Os rumores sobre o assédio à titular da Igualdade Racial já circulavam por vários gabinetes importantes de Brasília, incluindo o do presidente da República. Alguns ministros sabiam de detalhes. Porém, como a acusação de assédio não havia sido formalizada, auxiliares de Lula tentaram contornar o problema para evitar os danos políticos que a denúncia certamente provocaria. Amiga de Anielle Franco, a primeira-dama, Janja da Silva, entrou no circuito e ouviu da própria ministra detalhes das

das importunações sexuais. Anielle, porém, não estava disposta a levar o caso adiante, e pela versão de Almeida nada tinha acontecido, portanto, melhor deixar como estava. Nas últimas semanas, os dois nem se cumprimentavam mais. Um dia antes da eclosão do escândalo, eles compareceram a um evento oficial. Sequer se olharam, e Anielle deixou o local antes de o ministro discursar. Uma dificuldade comum em investigações de crimes de assédio e importunação sexual é a produção de provas. As abordagens normalmente são feitas quando a vítima está sozinha ou longe de ambientes públicos. As falsas acusações são raras, mas também existem.

A denúncia contra o ministro foi publicada na noite da quinta-feira 5. Horas depois, ainda durante a noite, ele foi instado a prestar esclarecimentos. Em seu depoimento, relatou aos ministros Vinícius Marques de Carvalho, Jorge Messias e Paulo Pimenta (Secretaria de Comunicação Social) que as acusações, além de infundadas, eram fruto de uma disputa política entre militantes de pautas identitárias e fariam parte de um movimento para desacreditá-lo, orquestrado por um advogado ligado ao Grupo Prerrogativas. Durante a madrugada, Almeida procurou amigos para se aconselhar. A dois deles disse que estava propenso a tirar a própria

vida. Não parecia blefe. Desorientado, repetia que a vida pessoal e a carreira profissional estavam arruinadas. Um advogado indicou um psiquiatra e outro o aconselhou a deixar o cargo para se dedicar a preparar sua defesa e evitar constrangimentos ao governo. Mais calmo, ainda na madrugada, ele ligou para um assessor do presidente da República para comunicar a decisão. Era tudo que o Planalto queria.

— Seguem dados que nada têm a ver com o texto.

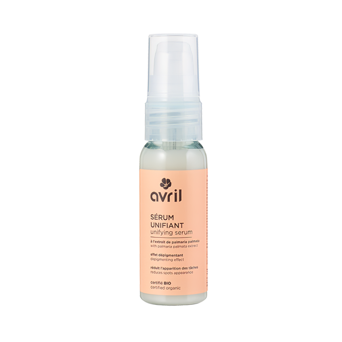 Aplique de manhã e à noite o sérum unificador ecológico certificado da Avril: graças às algas vermelhas e à flor de lírio branco com efeitos despigmentantes e clareadores contidos na sua fórmula, reduz o aparecimento de manchas, para uma pele perfeitamente uniforme.
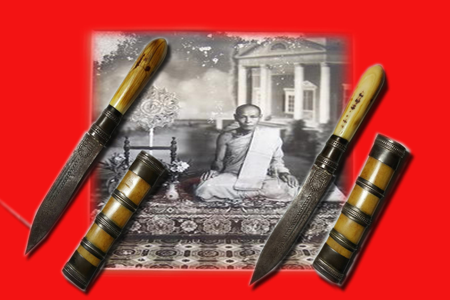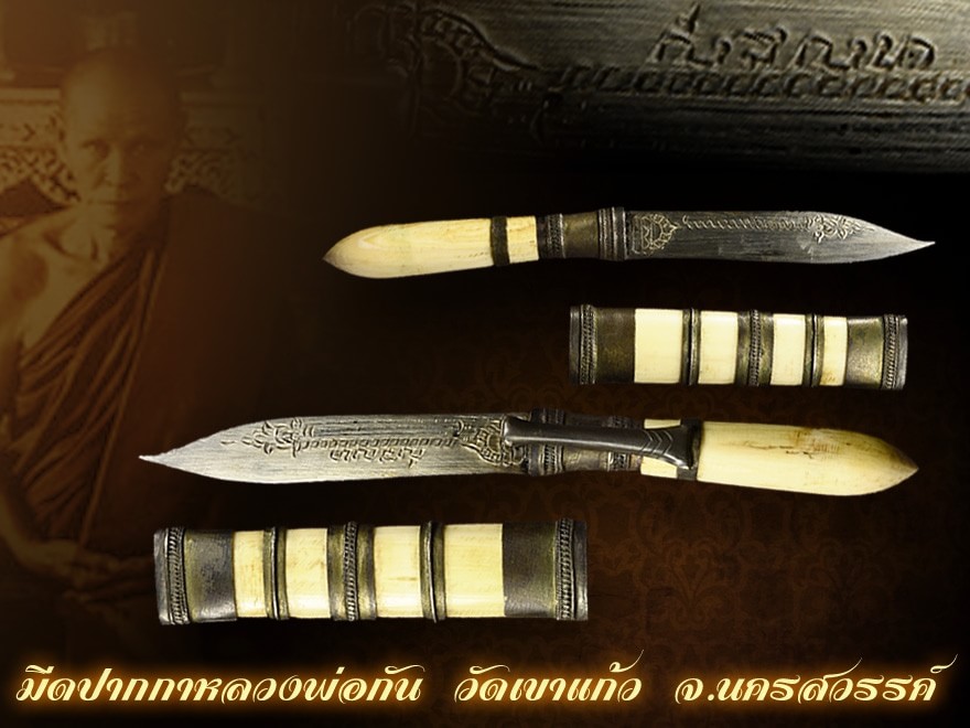 มีดปากกา หลวงพ่อกัน วัดเขาแก้ว จ.นครสวรรค์ (2 ด้าม) 1. ด้ามเป็นงา ฝักเป็นเขากวาง. ใบมีดเป็นเหล็ก (ยุคต้น) ความยาวรวม 4.8 นิ้ว 2. ด้ามเป็นงา ฝักเป็นงา ใบมีดเป็นสเตนเลส ความยาวรวม 5 นิ้ว

Lula não precisaria assumir o desgaste de demitir o ministro e apagaria o incêndio em poucas horas. Ficou acertado que Almeida iria conversar com o presidente ainda naquele dia e anunciaria sua demissão. O ministro, porém, mudou de ideia. Antes do encontro com o presidente, ele divulgou uma nota afirmando que as acusações contra ele eram “ilações absurdas”, acusou o grupo Me Too de ter tentado interferir em uma licitação e informou que pediria que o Ministério Público e órgãos  do governo fizessem uma “apuração rigorosa” do caso. Na audiência com Lula, disse que não pediria demissão, reafirmou a inocência e tentou mostrar as provas de que dispunha: o vídeo do tal jantar com Anielle e as mensagens de WhatsApp trocadas com a ministra. Lula ouviu as explicações, mas já tinha o veredicto. A nova ministra dos Direitos Humanos, Macaé Evaristo, vai tomar posse na próxima semana. Para o Planalto, o caso está encerrado.